The hour before — calm beats over-prep
The hour before the interview is for de-stressing, not learning. Do not re-cram. Last-minute rereading produces anxiety, not knowledge — you've already done the work.
- Do something physical — a 15-minute walk, stretching, push-ups. Lowers cortisol
- Eat something. An empty stomach affects your voice and energy
- Drink water but not so much you need a break mid-interview
- Listen to something familiar — music you know well, not new podcasts
- Re-read only the top of your prep notes: the 3-4 JD priorities and your stories. Not the whole document
Show up calm. Give yourself permission to not have a perfect answer to every question — the interviewer doesn't expect one. Remember the interviewer is also choosing whether they want to work with you. It's a two-way evaluation, not a test, and treating it as such relaxes both parties.
After the interview — the thank-you email and the self-debrief
Two things to do in the 24 hours after the interview.
The thank-you email
Send a brief thank-you to each interviewer within 24 hours. Three sentences: thanks for the time, one specific thing from the conversation that resonated with you, polite sign-off referencing next steps. This is a small but real conversion lift — recruiters and hiring managers notice when candidates follow up thoughtfully, and the email gives you one more touchpoint in their memory. If you forgot something in the interview or want to add a relevant link to a project, this is the place. Keep it under 100 words.
The self-debrief
Right after the interview, while it's fresh, write down: what questions came up, what you answered well, what you fumbled, any signals from the interviewers about what they liked or didn't. This is gold for the next interview — both for this company (if there's a second round) and for any other interview process.

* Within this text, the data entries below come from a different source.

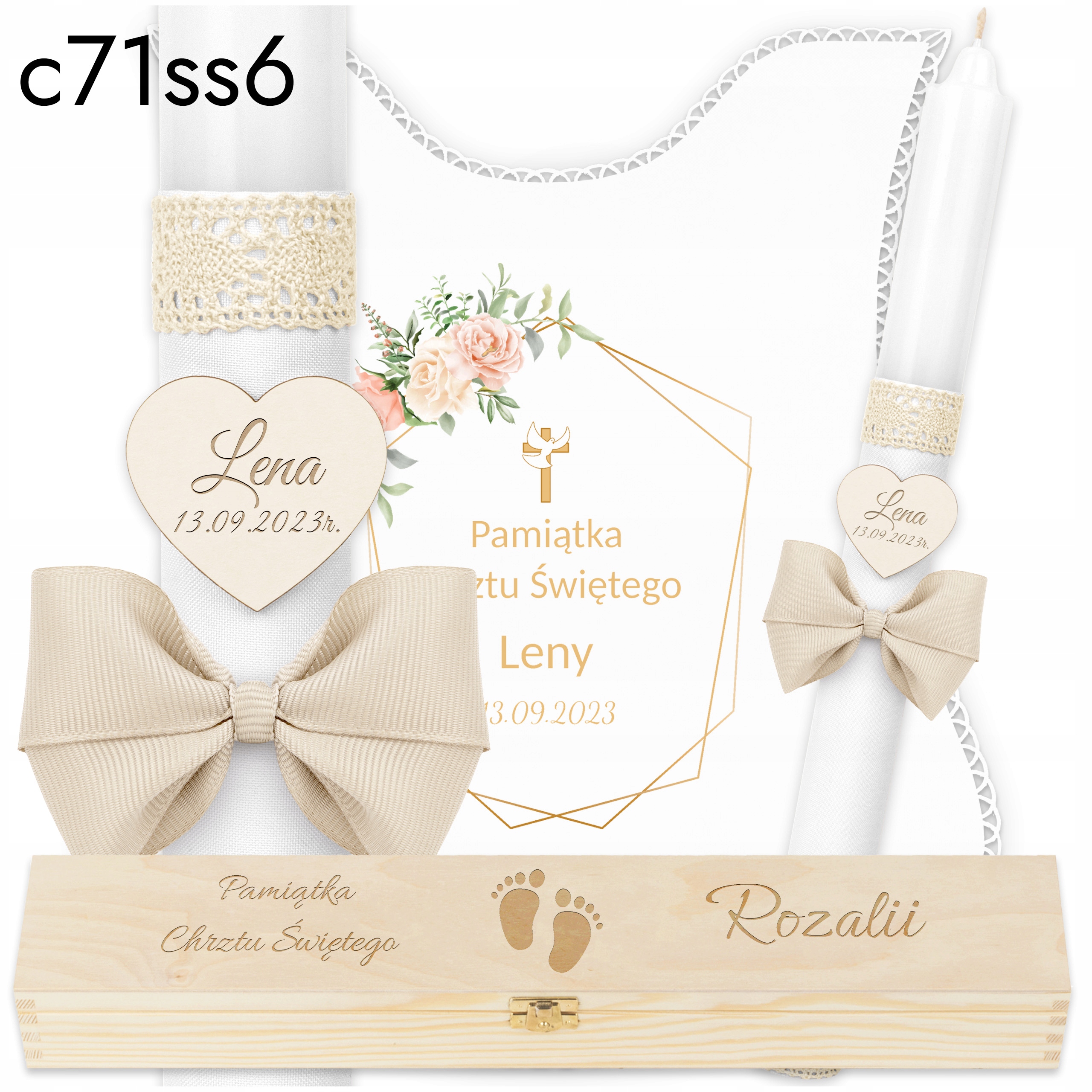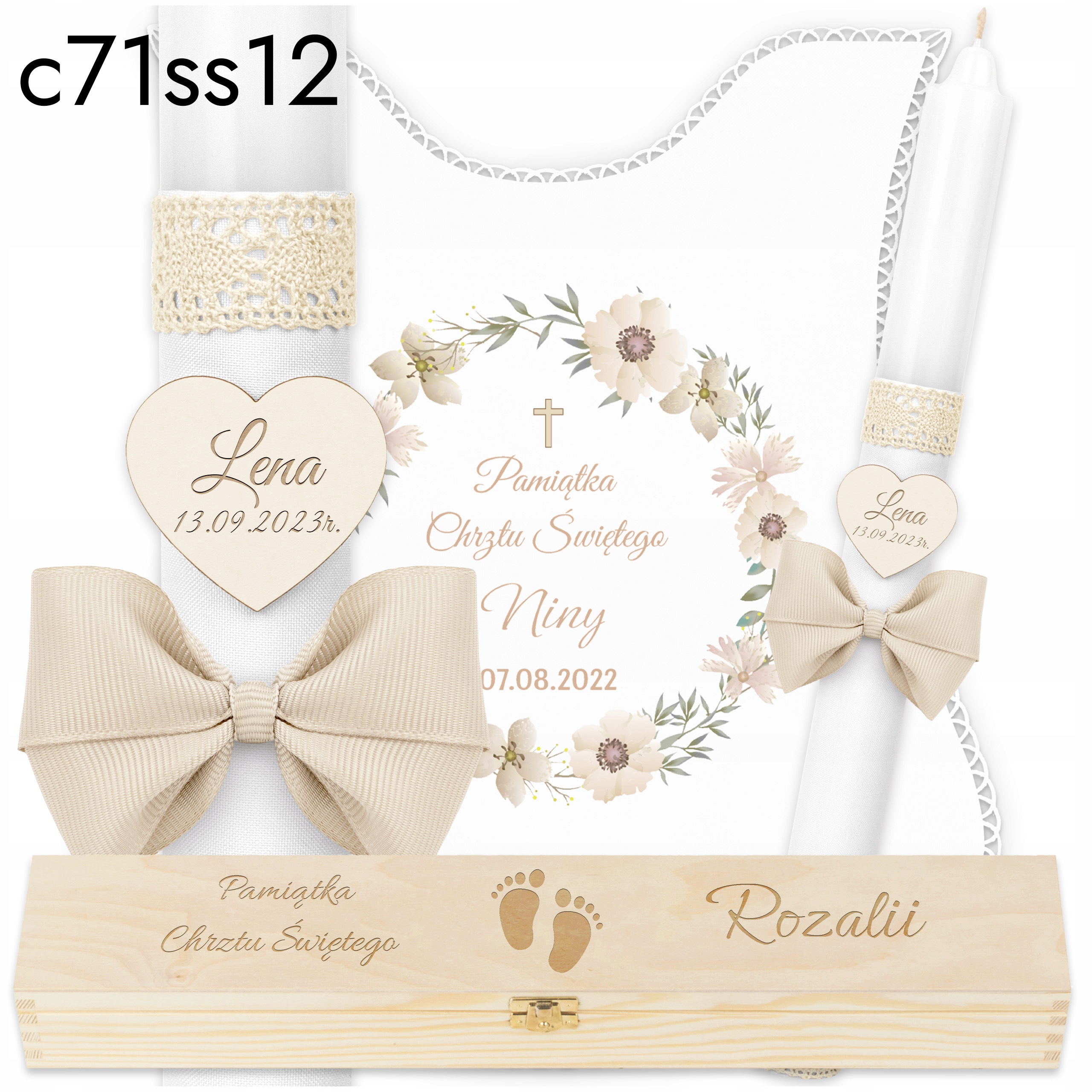 Хрестильне вбрання та свічка + коробка для свічок IHS Baptism Candle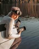 – On upea näky, kun auringonlaskun oranssin eri sävyt leikittelevät veden liikkeen mukana luoden kauniin vastavärien kontrastin sinisen veden kanssa! Pidän erityisesti isojen kohteiden kuvaamisesta, ja haaveenani onkin päästä vielä joku päivä kuvaamaan valaita avomerelle, hän sanoo.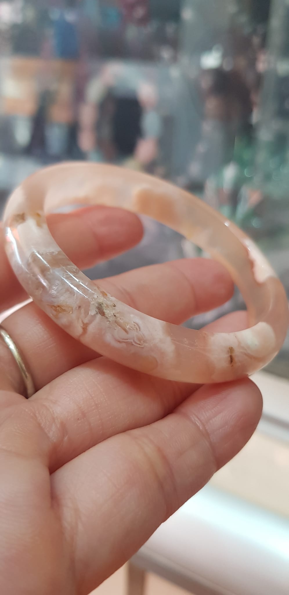 ✨Vòng tay Nữ Bản Hẹ Mới Đá Mã Não Bông Tuyết Hồng nhẹ trắng trong bóng quá đẹp luôn ạ Vòng Ni 53mm x Cao 11mm x dầy 7mm Nữ Cân nặng 52kg - 55kg đeo xinh tay đẹp lắm ạ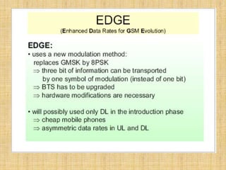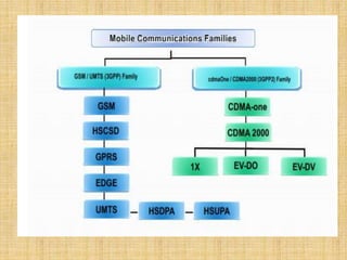 This document provides an overview of wireless communication technologies from 0G to 4G. It discusses the characteristics of each generation including available services, data speeds, and technologies used. The major mobile operators in Egypt are also mentioned.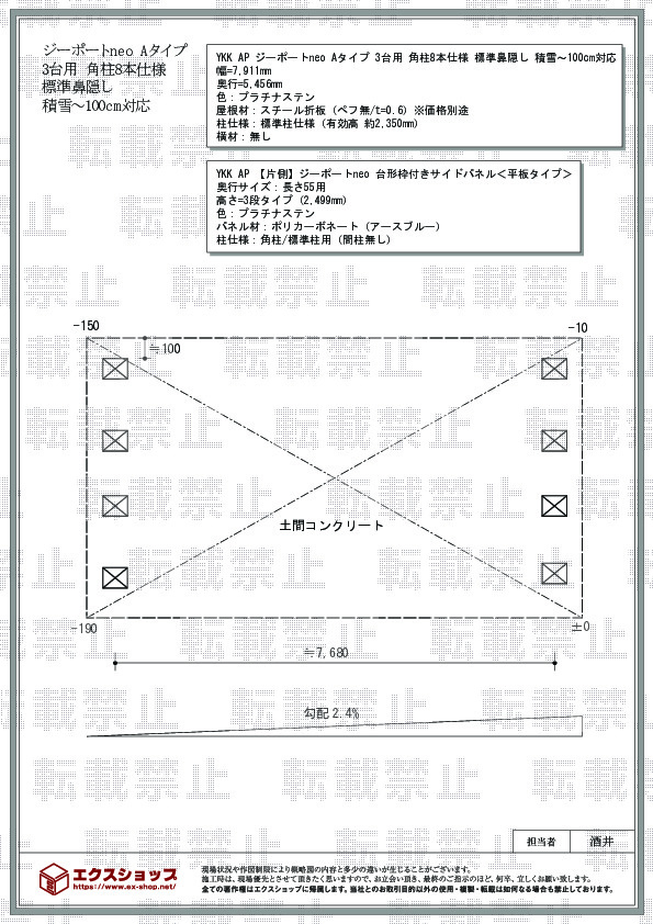 この度は、ジーポートneoの施工をご依頼頂きまして、誠に有り難うございます。顔のみえないネット販売にはご不安がおありだったかと存じますが、弊社を信頼して、施工までお任せ頂いたことを誠に嬉しく存じます。頑丈なスチール折板の屋根を、太い8本の柱で支えておりますので、抜群の安定感があり、頼もしい存在でございますね。これからも、エクスショップをご利用頂いた皆様に笑顔の輪が広がりますよう、なお一層の努力を重ねて参りたいと存じます。またのご利用を、心よりお待ち申し上げております。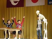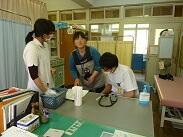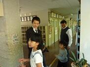 夕食が終わったら、きもだめしや花火をしました。きもだめしでは、まず図書室で先生から怖い話を聞きました。その時点で怖くなった子どもたち(保育所生)は、図書室から出て体育館で遊びました。小学生は、グループごとに学校の中できもだめしです。途中で涙が出る子どもや、あっけらかんとした表情で帰って来る子どもなど様々でしたが、みんな無事に帰ってきました。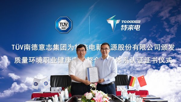 TUV南德北亞區(qū)管理服務部高級副總裁孫建軍先生、TUV南德大中華集團管理服務部總監(jiān)汪微波先生、特來電總裁郭永光先生、特來電高級副總裁陳忠強先生和首席科學家穆曉鵬先生及其團隊出席了此次頒證儀式。汪微波先生為特來電頒發(fā)了認證證書,孫建軍先生受邀致詞,對特來電在全球新能源汽車充電領域做出的貢獻表示高度贊許。郭永光先生表示TUV南德對特來電管理體系展開的審核認證,為特來電提供了質(zhì)量、環(huán)境及職業(yè)健康安全等體系最新相關信息與技術支持。TUV南德對特來電的市場前瞻性、創(chuàng)新的商業(yè)模式、具有合伙人思維和世界領先的充電技術、以及銳意進取和勇于承擔社會責任的精神給予稱贊。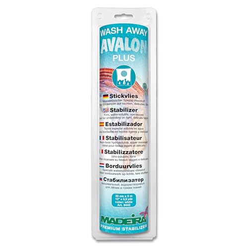 Madeira Stabilisateurs solvables lavables - Solid stöd för broderi, applikationer, transparent tyg, detaljerade instruktioner ingår - 3m x 30cm - Vit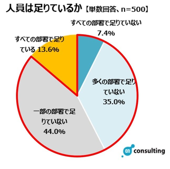 (「多くの部署で足りていない」35.0%、「一部の部署で足りていない」44.0%、「すべての部署で足りていない」7.4%)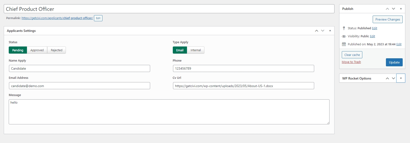 In the admin, the applicant's module will summarize the candidate's job application records. You can directly approve the candidate's profile easily.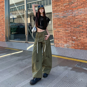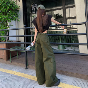 アーミーグリーンアメリカンシミターオーバーオール女性のための 2025 夏薄いクールスタイル大きなポケットルーズカジュアルワイドレッグパンツ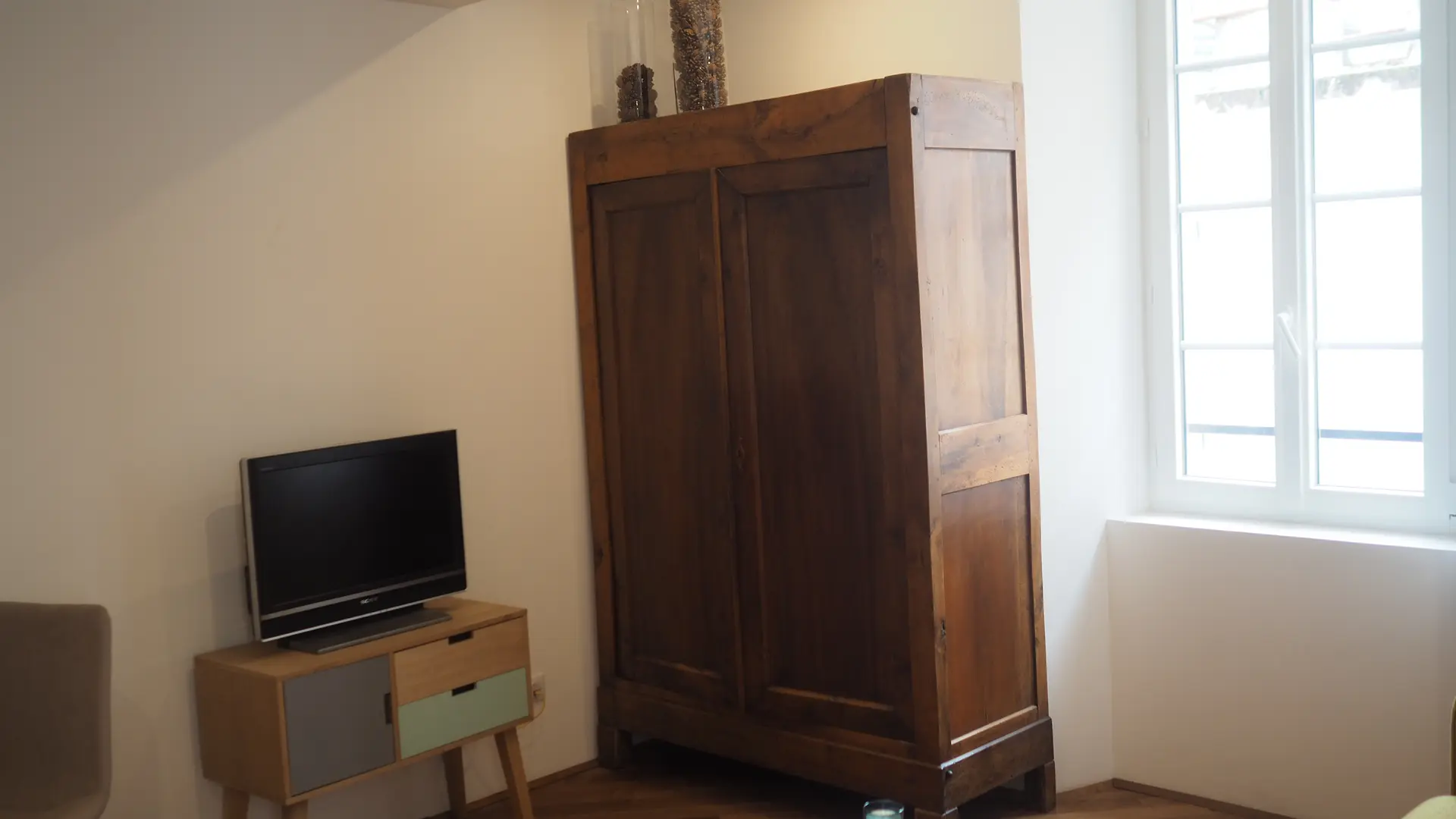 Situé au premier étage d'une maison de village, construite il y a plus de 200 ans et donnant sur la place du lavoir vous serez bercés par les eaux du canal (fenêtre ouverte).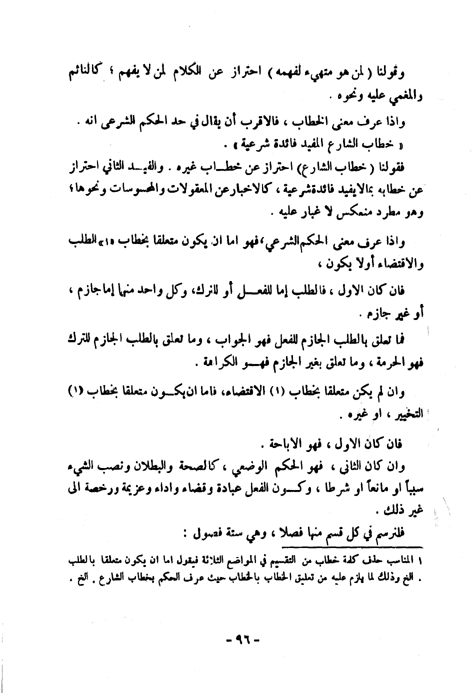 (٢) الْمُنَاسِبُ حَذْفُ كَلِمَةِ " خِطَابٍ " مِنَ التَّقْسِيمِ فِي الْمَوَاضِعِ الثَّلَاثَةِ، فَيَقُولُ: إِمَّا أَنْ يَكُونَ مُتَعَلِّقًا بِالطَّلَبِ. . . إِلَخْ، وَذَلِكَ لِمَا يَلْزَمُ عَلَيْهِ مِنْ تَعْلِيقِ الْخِطَابِ بِالْخِطَابِ ; حَيْثُ عَرَّفَ الْحُكْمَ بِخِطَابِ الشَّارِعِ. إِلَخْ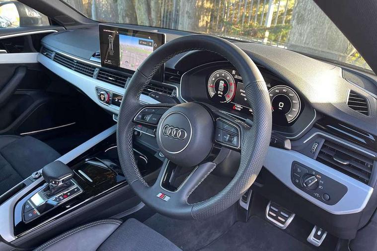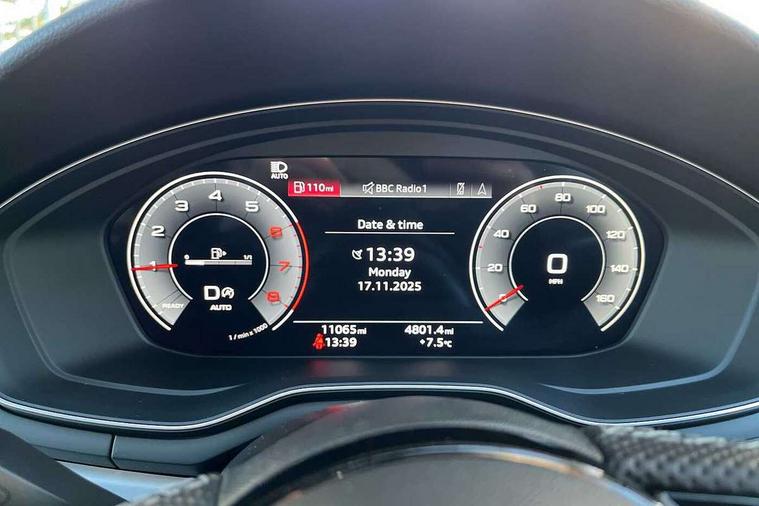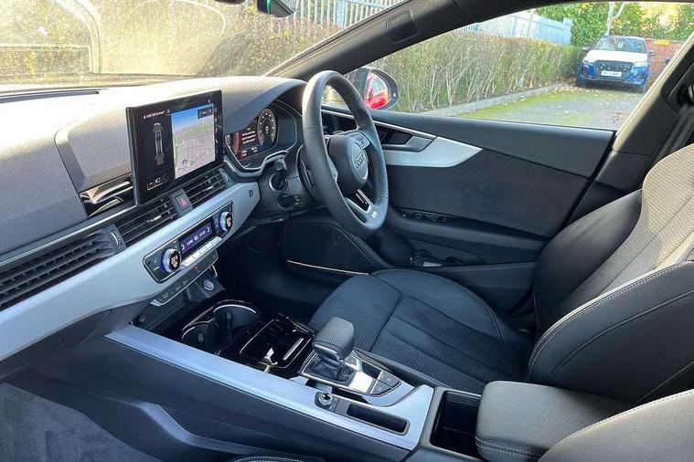 Audi connect safety and service (e-call), Audi drive select (Auto, Comfort, Dynamic and Individual), Audi smartphone interface, Audi virtual cockpit - 12.3" full colour digital instrument cluster, vehicle/engine speed, Radio/media information+Driver assistance systems, Automatic start-stop system with coasting functionality and efficiency programme, Bluetooth interface, Camera based traffic sign recognition, Electro-mechanical power steering, Email, calendar and text messages displayed via MMI, Front and rear parking sensors, Lane departure warning, MMI nav+ with MMI touch - 10.1" high resolution MMI display, touch sensitive, 3D map, route/country info, dynamic route guide, personal route assist, Power operated tailgate, Rear view camera, Service interval indicator, Voice control system, 54 litre fuel tank, Sports suspension lowered by 23mm, 8 passive loudspeakers, CD player, DAB digital radio reception, Two additional USB ports for rear passenger in rear centre console, Two SDXC card slots, Auto dimming door mirrors, Auto dimming rear view mirror, Body colour bumpers, Body colour door handles, Body colour front spoiler lip, Body colour side sill trim, Body coloured door mirrors, Electric adjustable heated door mirrors, Electric folding door mirrors, Electric front windows, Front fog lights, Honeycomb structure radiator grille in grained matt black, Kerb-view function for passenger side, LED headlights and rear lights with LED daytime running lights, LED side indicator lights integrated into door mirrors, LED third brake light, Matt aluminium silver tailpipe trim, Privacy glass, Rain and light sensors, Rear side wing doors, Rear wiper, S line badges on front wings, S line front and rear bumpers with side skirts, S Line rear diffuser in matt anthracite black with trim strip in matt aluminium silver, Side air inlets in grained matt black with matt aluminium silver inlay, Variable front intermittent wipers, Windscreen with acoustic glazing, 3 seat bench in 2nd row, 3 spoke high multifunction leather sport steering wheel with paddle shfit and S badging perforated leather grips, 4 way electric lumbar support for driver and front passenger, 40/20/40 split folding 3 seater rear bench seat, Adjustable steering column, Black cloth headlining, Black perforated leather gearknob, Contrast stitching on seats, steering wheel and gear lever gaiter, Deluxe 3 zone electronic climate control, Front centre armrest, Front head restraints, Front/rear floor mats, Heated front seats, Illuminated door sill trim with S logo, ISOFIX child seat mounting and top tether, Luggage compartment mat, Manual seat adjustment, Rear centre armrest, Rear headrests, Single front passenger seat, Stainless steel pedals and footrest, Sunvisors with vanity mirrors, LED interior light pack - A5/RS5, 3x3 point rear seatbelts, 6 airbags - Driver, front passenger, curtain and side airbags, Attention and drowsiness assist, Electromechanical parking brake, Electronic Stabilisation Control (ESC) including ABS, ASR and EDL, Front passenger airbag deactivation, Height adjustable front seatbelts, Hill hold assist, Manual child lock in rear doors, Multi collision brake assist, Pop-up bonnet for pedestrian protection, Pre sense city, Seatbelt monitoring, Tyre pressure warning, Variable restraint system, Warning triangle and first aid kit, Anti theft alarm system, Anti theft wheel bolts, Immobiliser, Keyless Go, Remote central locking, Matt brushed aluminium inlays, Tool kit, Tyre repair kit,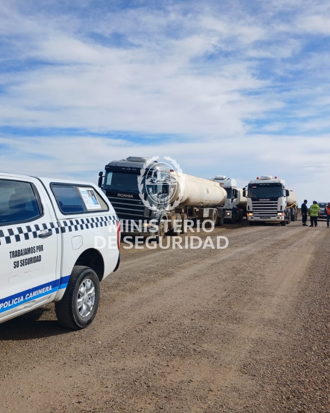 En el marco de los operativos de control que lleva adelante la Policía Caminera en distintos puntos de la provincia, en la jornada de ayer, jueves 16 de abril, se detectaron y retuvieron tres camiones con semirremolque que transportaban agua en condiciones irregulares, en inmediaciones del acceso al yacimiento minero Don Nicolás.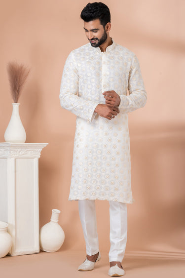 Sequins Embroidery White Color Reception Wear Readymade Georgette Fabric Kurta Pyjama For Men
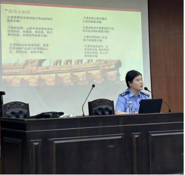 接下来,王紫威警官为我们进行了防范电信诈骗宣讲。王紫威警官首先与同学们进行互动,询问同学们在生活当中是否遇到过电信诈骗,引出宣讲主题,随后点明电信网络诈骗的概念和特点,并总结了常见的诈骗类型:刷单返利、诈骗电话、冒充类诈骗、网络交友。而后王警官还向我们科普了国家反电信诈骗电话“96110”和预警劝阻的实际操作,最后为大家分享防范电诈小妙招,比如拒绝刷单、拒绝向所谓的“公检法”机关柜款、拒绝随意将自己的信用卡或银行卡借给他人等。

Most candidates skip this and lose 80% of the learning.
If you advance to the next round, your prep is half-done — you already have notes from this conversation, you know the format, you've met some of the people. Build the next round's prep on top of this round's debrief; do not start from scratch.
Prep for the structurally different second-round interviewThe interview-day checklist
- Three or four JD priorities written down and a story for each
- Six STAR stories rehearsed out loud
- Two failure stories with lessons drawn
- Four company facts: what / to whom / stage / one recent thing
- Each interviewer LinkedIn-researched, one personal connection point noted
- Four or five prepared questions, plan to ask 2-3
- Format-specific prep done (mock case, practice problem, system design template, whatever applies)
- Logistics confirmed: address or meeting link, tech tested, what to bring or wear
- Hour-before calmer activity planned: walk, snack, music
- Thank-you email template drafted to send within 24 hours after
The candidate who walks in having done this list is in the top quartile of preparation — most have done maybe half of it. Preparation isn't what makes interviews fun; it's what makes them stop being terrifying. Once you've done the work, the interview becomes a conversation you're ready for, not a test you're hoping to survive.